The videos, “Howard St (Airborn)” and “Waterloo St.” are transcendent collaborations between Herring, De Giussepe, Golas, and some of those neighbors.

Roberta and I saw the videos at a press preview Tuesday, and I can’t say enough about how much I loved them. They are something special, about the power of creativity and community, the limits of the human body, the forces beyond the individual and the forces of the individual in the environment. It’s man (or boys) vs. the universe and its laws on two little streets in Kensington. Spectacularly entertaining and beautiful, the videos pack an emotional punch that took me by surprise.

There’s a lot of mundane social work that’s been passing itself off as art projects all around the city, but this project, which bypasses the do-gooder institutions and channels of power and misspent money, is everything that they wish they could be but aren’t.

That success brings me back to the importance of failure (am I really still nattering on about how foundations completely miss the forest for the trees because they are so stuck in their risk-averse requirements?). This particular success required not only risks taken by Oliver, Joe and Chris, but also the people in the neighborhood who put aside their fears and reticence and revealed themselves to the camera and one another. The embarrassment potential was high here, but what happened instead was an intimate picture of peoples’ imaginations and mutual trust.

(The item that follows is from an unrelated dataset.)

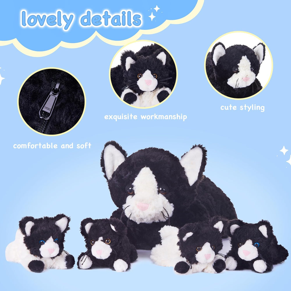 Peluches Mama Gato y Bebés EARTHSOUND, Set Suave 16
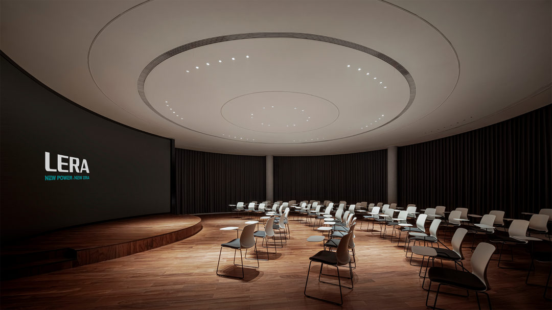 四层与五层之间通过旋转楼梯连接,是更为私密的商务接待动线。五层是企业会所,拥有开放式接待区和私密接待空间,同时设置可容纳几百人的产品发布厅,与一层的企业展厅呼应,来全面满足企业的核心实力展示。

On a somewhat different note, when upstart gallerist Jenny Jaskey (she’s pretty close in age to Chris and Joe) snagged a group of Philadelphia’s older big name artists– Sidney Goodman, Ben Kamihara, Tina Newberry…–for her show Finding a Form: Influences in Figurative Painting in the spring, people asked her how she enticed them to her barely hatched venture. After all, most of them were represented by other galleries, and didn’t have much need to be in the exhibit.

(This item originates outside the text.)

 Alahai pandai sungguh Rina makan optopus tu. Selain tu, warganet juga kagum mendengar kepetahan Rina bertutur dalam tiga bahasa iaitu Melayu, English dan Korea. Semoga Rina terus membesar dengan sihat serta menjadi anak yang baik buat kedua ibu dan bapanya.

Her answer was, “I asked.”

In Philadelphia, which is known for its risk-averse approach to everything, this is the way that the art world here is changing. It’s a good thing.

Herring sometimes in his art asks people to take similar risks, to act outside their sphere of comfort and cross boundaries. For the videos he asked Chris and Joe to jump and spin around a fire hydrant. “I had these guys make fools out of themselves,” he said. The young Kensington residents who joined in and became partners in making the video also took a risk and broke their reserve.

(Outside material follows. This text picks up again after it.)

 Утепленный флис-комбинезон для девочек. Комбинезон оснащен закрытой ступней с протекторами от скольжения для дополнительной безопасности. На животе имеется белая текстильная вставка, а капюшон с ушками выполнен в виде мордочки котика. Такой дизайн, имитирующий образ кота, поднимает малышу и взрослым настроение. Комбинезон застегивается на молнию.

At the opening reception for the videos, Herring will once again ask people to step out of their usual roles. “I’m not treating this so much as an art opening, but more like a game.” But it’s a game that requires trust and the ability to make leaps beyond usual behavior.

Herring will be passing out slips of paper with tasks for people to perform. He’s not confident this will be a success. In fact, he doubts it. He’s willing to face the possibility of failure. It’s the only way to succeed.